🤖 AI Summary
Defining and generating pedagogically effective questions—those yielding measurable learning gains—remains a fundamental challenge in educational AI.
Method: We propose QUEST, a framework that (1) formally defines and empirically estimates question utility based on real-world learning outcomes (e.g., post-intervention exam score improvements); (2) constructs an LLM-driven learning environment simulator to enable computationally tractable utility evaluation; and (3) introduces a utility-driven rejection sampling fine-tuning paradigm, replacing conventional approaches reliant on pedagogical heuristics or indirect proxies (e.g., information gain).
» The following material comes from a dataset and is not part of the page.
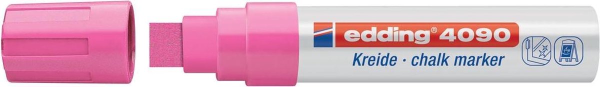 edding-4090 kalk marker / window marker neon roze 1Stuks 4-15 milimeter •Geurneutrale vloeibare krijt op waterbasis •Met vochtige doek eenvoudig te verwijderen •Download gratis raamtekensjablonen op edding.com/raamtekensjablonen •Extra brede schrijfdikte •Eenvoudig gebruik – in tegenstelling tot standaard krijt worden uw handen niet vies •Zorgt voor professionelere en elegantere schrijfletters of tekeningen dan elk ander krijt •Breed assortiment aan briljante kleuren – de fluorescerende kleuren worden bovendien zichtbaar onder UV-licht •Dop kan op de achterkant van de barrel worden vastgezet, zodat hij niet kwijtraakt •Verzegelingsfolie garandeert dat het product bij aankoop ongebruikt is •Breed kleurenpalet •Hoogwaardig merkproduct •Made in Germany

Contribution/Results: Experiments demonstrate that QUEST-generated questions yield average exam score improvements exceeding 20%, significantly outperforming state-of-the-art baselines. This work establishes a novel, quantifiable, and optimization-friendly paradigm for learning-oriented question generation.
📝 Abstract
Asking questions is a fundamental aspect of learning that facilitates deeper understanding. However, characterizing and crafting questions that effectively improve learning remains elusive. To address this gap, we propose QUEST (Question Utility Estimation with Simulated Tests). QUEST simulates a learning environment that enables the quantification of a question's utility based on its direct impact on improving learning outcomes. Furthermore, we can identify high-utility questions and use them to fine-tune question generation models with rejection sampling. We find that questions generated by models trained with rejection sampling based on question utility result in exam scores that are higher by at least 20% than those from specialized prompting grounded on educational objectives literature and models fine-tuned with indirect measures of question quality, such as saliency and expected information gain.